UCDSU on-campus voting takes place on the 4th and 5th of April.
The existing UCDSU Education Officer is asking students to ‘Rely on Ní Riada’ and select her to be the new President of the SU. Martha Ní Riada has a year of Sabbat experience under her belt, and a handful of achievements to show for herself too, such as achieving a decrease in resit fees for students. She is knowledgeable about the structures of UCD and has demonstrated a strong understanding of how to get things done on the job.
Ní Riada decided to run for UCDSU President in November after “seeing the positive impact” her work as Education Officer was having on students, “I could see there were things being changed by the work of the union, and I could see the value of it […] I wanted to run for President because I could see things I wanted to do differently.”
Ní Riada anticipates that her presidential style will differ from those that have come before her, but she admits that she will take learnings from each of the previous SU Presidents that she has worked with. She believes that her hard-working nature and willingness to listen to others puts her in a unique position to lay the foundations of the relationship with the new UCD President Orla Feely.
When asked if she thinks that the race for SU President being uncontested is a problem, Ní Riada said; “Generally uncontested races are a bad thing. For a healthy democracy, contested races are better” however, she maintained that the primary reasons for a lack of candidates resulted from issues surrounding the housing crisis and the cost of living crisis, two issues that the Union are actively campaigning against. She also blamed the Covid-19 pandemic for poor engagement from the older years, who were previously more inclined to run for sabbatical positions. “I’m hopeful in the coming years we will have more contested sabbatical races because the interest is quite high, but the students who are interested are too young [to run].”
One of Ní Riada’s core manifesto points is visibility, recommending more SU presence on the ground and believing that the Union needs to be proactive in attracting students to its activism. She wants to increase transparency as to what the UCDSU Sabbatical Officers do on a day-to-day basis and to explain what the Union achieves on the college’s various boards and committees.
The current Education Officer wants to create a “culture of consent”, by working with the UCD Dignity & Respect Service to identify areas of concern on campus. She demonstrated a cohesive understanding of the way the college’s anti-harassment structures worked, though did not specify how she would enact change to create said culture.
Ní Riada aims to make on-campus food options cheaper, while the SU shops do not regularly make a meaningful profit from students, she will look to focus on the other organisations on campus, such as the Centra in the UCD Village which is run by the Michael Wright Group, “In the village, the Centra is extremely expensive […] we’ve already been discussing with the Bursar [UCD’s chief accountant] and other people in UCD Estates, and they do recognise that it’s extremely expensive.”
Ní Riada recognised that the Union had no control over the private companies who run many of the food establishments on campus, but said “UCD does own the building they’re in and gives them the licences to rent the properties, so have some say over what is sold in the shops” and would seek to leverage this to put pressure on Centra to lower its prices.

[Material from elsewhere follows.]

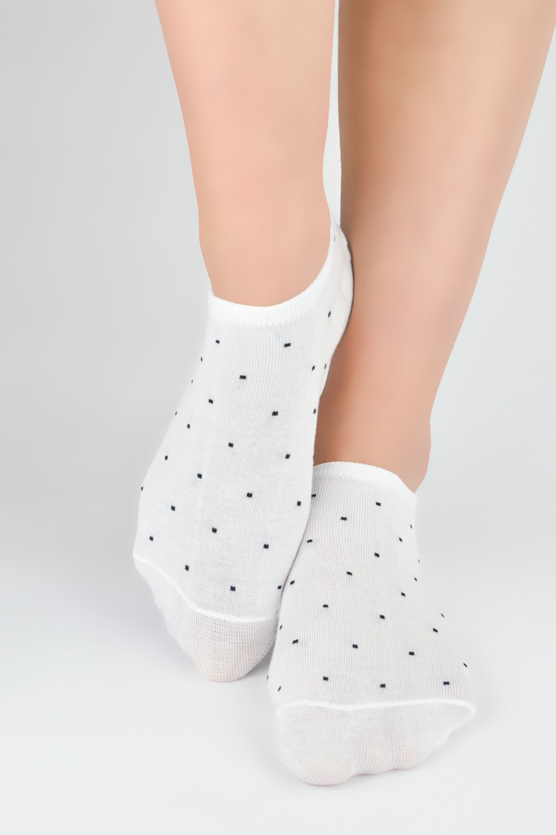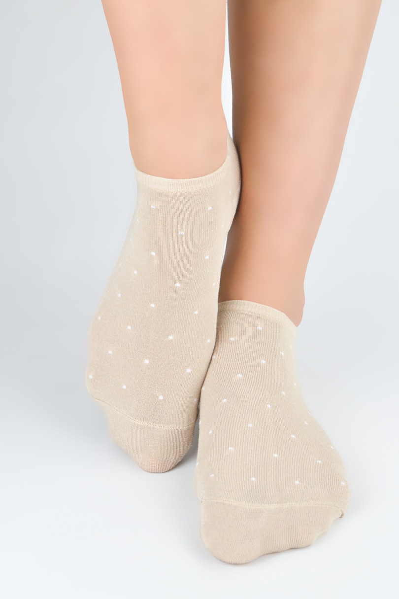 Зручні, однотонні жіночі шкарпетки з дрібним візерунком у горошок, виготовлені з м'якого, приємного для шкіри модалу. Легкі та повітряні, вони мають еластичний пояс, що не стискає талії. Склад: 77% модал, 22% поліамід, 3% еластан.

The only Presidential candidate who has focused many of her campaign promises on the topic of the environment and sustainability, promising to ensure that sustainable thinking would stay at the forefront of UCD’s agenda. Ní Riada believes that the University’s new position of Vice-President of Sustainability comes at an important time for the college and offers opportunities for the Union to work with the new appointee to collaborate on future projects.
The Presidential candidate anticipates that a highlight of her Presidential year will be the digs drive in September. She hopes that under her supervision the drive will “get a large amount of beds” and effectively “emphasise the need for seven-day lets [sic]”. She also hopes that the profile of the Union on campus will be higher under her tenure.
She is in favour of rejoining the Union of Students in Ireland; “If we’re not in it, we can’t change it.”, but says that she would respect students’ choice not to restart a relationship with the national union, though notes UCDSU has the same problems as USI with engagement and transparency.
Ní Riada noted that “if we do join USI, that’s something that’s very important, that campaigns we are involved in have an endpoint” and that these campaigns must bring about change.